╭─ Extracted records
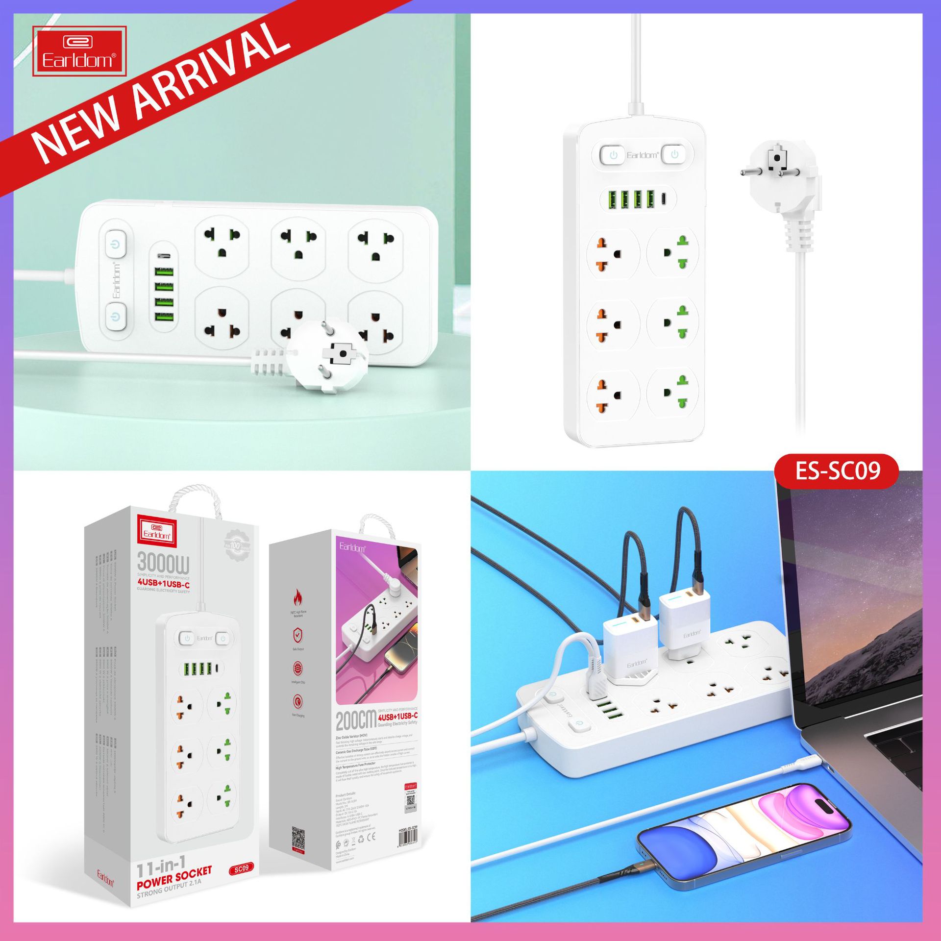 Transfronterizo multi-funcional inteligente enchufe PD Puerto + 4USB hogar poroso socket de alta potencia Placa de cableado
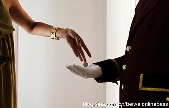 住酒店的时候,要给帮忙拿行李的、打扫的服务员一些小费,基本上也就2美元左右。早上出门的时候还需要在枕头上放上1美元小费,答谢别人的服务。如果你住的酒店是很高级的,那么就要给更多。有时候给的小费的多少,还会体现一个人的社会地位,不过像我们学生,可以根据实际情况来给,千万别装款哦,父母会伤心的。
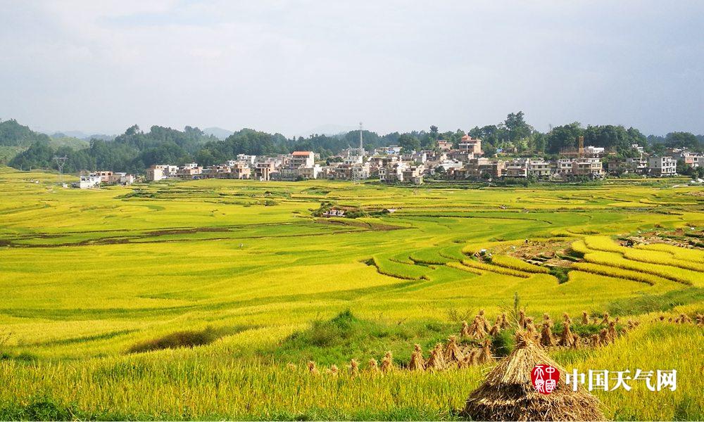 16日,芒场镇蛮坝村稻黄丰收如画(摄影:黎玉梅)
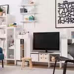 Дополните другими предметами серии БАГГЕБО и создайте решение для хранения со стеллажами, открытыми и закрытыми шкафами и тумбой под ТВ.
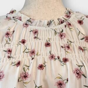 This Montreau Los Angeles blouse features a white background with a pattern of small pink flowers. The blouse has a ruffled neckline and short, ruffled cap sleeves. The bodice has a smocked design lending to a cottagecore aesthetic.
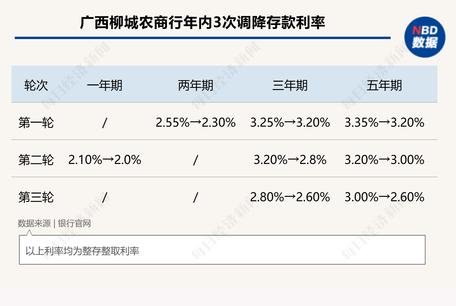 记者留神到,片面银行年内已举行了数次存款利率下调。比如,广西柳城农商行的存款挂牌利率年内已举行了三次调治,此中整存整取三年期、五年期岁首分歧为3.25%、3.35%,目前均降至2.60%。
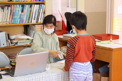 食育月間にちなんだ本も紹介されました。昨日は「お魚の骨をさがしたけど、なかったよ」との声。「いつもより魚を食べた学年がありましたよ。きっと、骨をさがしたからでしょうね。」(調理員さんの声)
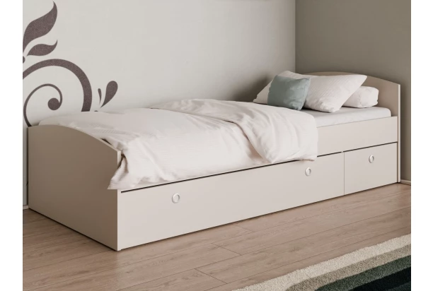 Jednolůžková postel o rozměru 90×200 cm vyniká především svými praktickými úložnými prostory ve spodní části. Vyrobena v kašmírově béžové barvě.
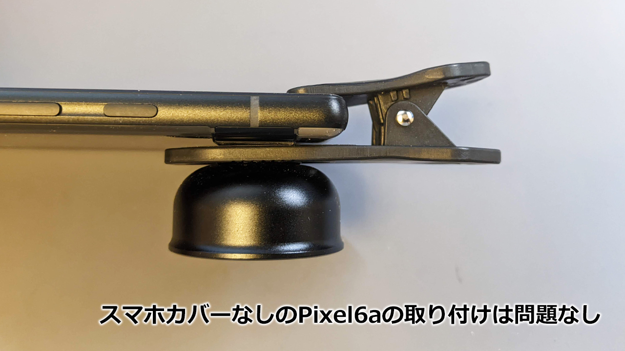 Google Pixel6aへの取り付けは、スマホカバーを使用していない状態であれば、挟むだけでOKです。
╰─
> [Your objective] Give back the data verbatim. The pictures are not part of the copy.

> [Answer to this problem]
 Transfronterizo multi-funcional inteligente enchufe PD Puerto + 4USB hogar poroso socket de alta potencia Placa de cableado
 住酒店的时候,要给帮忙拿行李的、打扫的服务员一些小费,基本上也就2美元左右。早上出门的时候还需要在枕头上放上1美元小费,答谢别人的服务。如果你住的酒店是很高级的,那么就要给更多。有时候给的小费的多少,还会体现一个人的社会地位,不过像我们学生,可以根据实际情况来给,千万别装款哦,父母会伤心的。
 16日,芒场镇蛮坝村稻黄丰收如画(摄影:黎玉梅)
 Дополните другими предметами серии БАГГЕБО и создайте решение для хранения со стеллажами, открытыми и закрытыми шкафами и тумбой под ТВ.
 This Montreau Los Angeles blouse features a white background with a pattern of small pink flowers. The blouse has a ruffled neckline and short, ruffled cap sleeves. The bodice has a smocked design lending to a cottagecore aesthetic.
 记者留神到,片面银行年内已举行了数次存款利率下调。比如,广西柳城农商行的存款挂牌利率年内已举行了三次调治,此中整存整取三年期、五年期岁首分歧为3.25%、3.35%,目前均降至2.60%。
 食育月間にちなんだ本も紹介されました。昨日は「お魚の骨をさがしたけど、なかったよ」との声。「いつもより魚を食べた学年がありましたよ。きっと、骨をさがしたからでしょうね。」(調理員さんの声)
 Jednolůžková postel o rozměru 90×200 cm vyniká především svými praktickými úložnými prostory ve spodní části. Vyrobena v kašmírově béžové barvě.
 Google Pixel6aへの取り付けは、スマホカバーを使用していない状態であれば、挟むだけでOKです。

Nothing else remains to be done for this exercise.